The junction leads to the Great Northern/Great Eastern Joint line which goes through Spalding to Lincoln and beyond.

The recently completed and opened tunnel allows trains on the west side of the East Coast Main Line to access the Great Northern/Great Eastern Joint line without conflicting with the faster passenger services on the ECML.

The dive under was constructed by a ‘jacked deck’ on slide paths installed in access tunnels. The curved ‘jack deck’, pushed into place beneath the main running lines, is the first use of such a structure in the United Kingdom.

The engineering needed to install the tunnel saw a UK-first, as the 11,000-tonne curved concrete tunnel, 1,000 tonnes heavier than the Eiffel Tower, was slid into place under the existing railway in January this year.

The ‘curved box’ was built next to the East Coast Main Line in 9, interconnected sections. The structure is 155 metres long, 9.5 metres wide and 5.1 metres high, with 1 metre thick walls.

In July, the new track installed inside the tunnel was connected to the existing lines.
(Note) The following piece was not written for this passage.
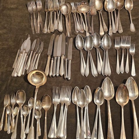 neoveda versilbert - Bestiksæt til 6 personer (42 dele) - Sølvbelagt bestiksæt i fremragende stand. Anbefales at polere grundigt med et egnet sølvprodukt for at genoprette den rette glans. Sølvbelagt er stadig meget smukt. Når poleret komplet sæt til seks personer bestående af: 6 portionsknive, 25,5 cm; 6 portionsgafler, 21 cm; 6 portionsskjeer, 21 cm; 6 dessertknive, 21 cm; 6 dessertgafler, 18 cm; 6 dessertskjeer, 18,5 cm; seks små skeer til the eller is, 14 cm

Work continued to install the signalling system which was commissioned over a single weekend in September.

Vital testing of the new tunnel then took place to enable trains to start using the infrastructure.

The completed project will help pave the way for the infrastructure roll-out across the north and Midlands recently announced in the £96 billion worth of integrated rail plan (IRP) which is supposed to transform both east-west and north-south links.